Study: ‘Obamacare’ repeal or replace would increase uninsured veterans, strain VA
By NIKKI WENTLING | STARS AND STRIPES Published: September 14, 2017
WASHINGTON — Federal health care reform proposed by Republicans in Congress would increase the number of aging, sick and low-income veterans without insurance and put pressure on an overburdened Veterans Affairs system, according to a study released Thursday.
In 2013, while the Affordable Care Act that passed in 2010 was still being implemented, 9.1 percent of veterans under 65 were uninsured. That fell to 5.8 percent by 2015 – a drop attributed to Medicaid enrollment facilitated by the ACA. A repeal would reverse those gains, and the recently proposed GOP policy would lead to more veterans losing insurance than gained coverage under the ACA, according to the study by policy researcher Rand Corp.
Some of those veterans would turn to the VA for health care, adding stress to those facilities, said Michael Dworsky, a Rand economist and the study’s lead author.
“There may be concern over the spillover effects we estimated because, in some places, the VA system has had issues with capacity,” he said.
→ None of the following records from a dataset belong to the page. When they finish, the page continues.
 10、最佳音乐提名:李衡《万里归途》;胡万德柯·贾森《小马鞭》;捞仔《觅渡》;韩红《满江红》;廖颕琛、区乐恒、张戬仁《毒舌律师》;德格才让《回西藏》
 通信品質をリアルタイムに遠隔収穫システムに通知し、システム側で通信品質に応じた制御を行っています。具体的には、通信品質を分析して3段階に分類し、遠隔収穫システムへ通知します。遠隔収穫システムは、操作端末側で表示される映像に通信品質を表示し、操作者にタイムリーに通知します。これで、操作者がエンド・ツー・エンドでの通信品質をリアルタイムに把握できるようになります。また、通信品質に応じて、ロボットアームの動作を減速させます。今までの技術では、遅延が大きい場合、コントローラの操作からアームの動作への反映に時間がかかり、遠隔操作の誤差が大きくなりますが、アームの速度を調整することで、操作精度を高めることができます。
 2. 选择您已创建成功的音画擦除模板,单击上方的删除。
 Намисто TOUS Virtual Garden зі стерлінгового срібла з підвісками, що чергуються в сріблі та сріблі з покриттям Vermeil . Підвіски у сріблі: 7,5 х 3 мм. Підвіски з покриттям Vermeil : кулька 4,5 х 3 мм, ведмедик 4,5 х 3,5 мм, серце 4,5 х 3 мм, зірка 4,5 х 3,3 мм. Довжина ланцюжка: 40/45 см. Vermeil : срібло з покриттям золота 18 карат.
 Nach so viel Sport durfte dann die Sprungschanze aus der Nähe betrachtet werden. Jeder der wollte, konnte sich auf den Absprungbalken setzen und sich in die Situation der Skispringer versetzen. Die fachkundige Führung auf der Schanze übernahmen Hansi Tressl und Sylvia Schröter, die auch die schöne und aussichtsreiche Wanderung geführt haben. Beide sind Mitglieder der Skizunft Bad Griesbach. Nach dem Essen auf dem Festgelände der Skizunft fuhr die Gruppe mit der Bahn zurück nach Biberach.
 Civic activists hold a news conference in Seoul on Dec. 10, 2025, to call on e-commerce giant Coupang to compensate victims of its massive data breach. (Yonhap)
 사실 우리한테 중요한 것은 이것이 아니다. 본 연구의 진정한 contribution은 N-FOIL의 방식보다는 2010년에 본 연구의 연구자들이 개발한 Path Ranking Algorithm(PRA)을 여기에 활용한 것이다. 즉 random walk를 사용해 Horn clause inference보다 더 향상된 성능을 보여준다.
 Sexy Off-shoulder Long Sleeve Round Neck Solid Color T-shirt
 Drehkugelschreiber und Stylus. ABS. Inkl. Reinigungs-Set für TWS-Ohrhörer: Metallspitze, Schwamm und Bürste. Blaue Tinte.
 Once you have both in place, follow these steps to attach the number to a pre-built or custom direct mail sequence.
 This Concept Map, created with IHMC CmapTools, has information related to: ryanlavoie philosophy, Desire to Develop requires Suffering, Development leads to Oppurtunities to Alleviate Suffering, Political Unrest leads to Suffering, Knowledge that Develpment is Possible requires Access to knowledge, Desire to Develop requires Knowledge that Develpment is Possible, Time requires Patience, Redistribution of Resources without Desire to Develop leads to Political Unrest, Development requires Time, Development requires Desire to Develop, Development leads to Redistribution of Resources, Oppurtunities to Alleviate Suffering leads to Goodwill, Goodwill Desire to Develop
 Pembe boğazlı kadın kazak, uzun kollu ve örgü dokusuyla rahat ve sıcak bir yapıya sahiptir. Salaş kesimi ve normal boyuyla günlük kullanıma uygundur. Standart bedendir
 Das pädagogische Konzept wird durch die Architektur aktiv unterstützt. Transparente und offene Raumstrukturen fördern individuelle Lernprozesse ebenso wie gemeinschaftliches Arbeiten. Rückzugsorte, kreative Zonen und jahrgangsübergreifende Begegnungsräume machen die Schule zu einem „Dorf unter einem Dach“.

Anticipating a GOP effort to repeal and replace “Obamacare,” Sen. Sherrod Brown, D-Ohio, questioned now-VA Secretary David Shulkin in February about whether the agency could handle a surge of new patients if Republicans were successful. Shulkin -- a nominee for the Cabinet position at the time -- insisted the VA was up to the task.
“Well, that’s why the VA is here and that’s our mission,” Shulkin answered. “So we will do everything that we can if there is an influx of veterans into our system.”
Many veterans who would lose coverage wouldn’t be eligible for VA health care. Rand estimated that in 2015, only 56.8 percent of veterans under 65 would qualify for VA care. Some eligible veterans already use a mix of health care options, including those who live far from a VA facility. They rely on Medicaid for at least part of their care, the study found.
Rand initiated the study in March, after the House introduced the American Health Care Act to repeal and replace major parts of the ACA. The House passed the legislation May 4. In the Senate, an amended version of the legislation, the Better Care Reconciliation Act, collapsed July 17.
But the GOP effort to undo the ACA continues.
On Wednesday, senators introduced competing health care reform plans. Lindsey Graham, R-S.C., and Sen. Bill Cassidy, R-La., proposed legislation to do away with ACA mandates and many of the subsidies that help low- and moderate-income Americans afford coverage. Instead, block grants to states would be used to help people pay for insurance. President Donald Trump applauded the senators in a White House statement.
“‘Obamacare’ has been a complete nightmare for the many Americans who have been devastated by its skyrocketing health care premiums and deductibles and canceled or shrinking plans,” the White House statement reads. “As I have continued to say, inaction is not an option, and I sincerely hope that Senators Graham and Cassidy have found a way to address the ‘Obamacare’ crisis.”
Also on Wednesday, Sen. Bernie Sanders, I-Vt., proposed a bill to provide universal, government-run coverage. That wasn’t considered in the study.
Rand researchers studied policies in the House’s American Health Care Act, but some of those have transferred to other GOP efforts – including the legislation that Graham and Cassidy introduced Wednesday, Dworsky said.
Rand says policymakers should consider the unintended consequences for veterans and the VA that are outlined in the study.
“We started this study in March, in part because we didn’t feel there had been enough discussion about potential spillover effects of ACA repeal for other federal programs like the VA health care system or specific populations like veterans,” Dworsky said. “That was one of our primary motivations for undertaking this research.”
Effects on vets
The effects of GOP policies would be felt most in states that expanded Medicaid eligibility and are home to a higher population of low-income veterans. VA facilities in Arkansas, Kentucky and Louisiana would experience the biggest increases in demand, Rand says. VA facilities in Nebraska, Wisconsin and Wyoming – states that didn’t expand Medicaid eligibility – would be least affected.
One change that’s been proposed could lead to individuals with pre-existing conditions being denied coverage or charged higher premiums. That would disproportionately affect veterans, because they’re more likely to have pre-existing conditions, Dworsky said.
Another policy change proposed by the GOP would allow states to alter essential benefits, including mental health care.
A U.S. Army study by Harvard Medical School, the National Institute of Mental Health and others in 2014 found the rate of major depression was five times higher among soldiers than Americans with no military service, and the rate of post-traumatic stress disorder was 15 times higher.
“We could see an insurance market where it’s more difficult to purchase individual market policies that have generous mental health coverage,” Dworsky said. “We know based on previous research that veterans have a higher prevalence of certain mental health disorders than nonveterans.”
The findings, Rand said, are a starting point for understanding how current and future health care proposals could affect veterans.
“As the debate over the federal role in health insurance continues, a better understanding of the ways in which health insurance changes affect veterans’ health care utilization is essential,” the researchers wrote.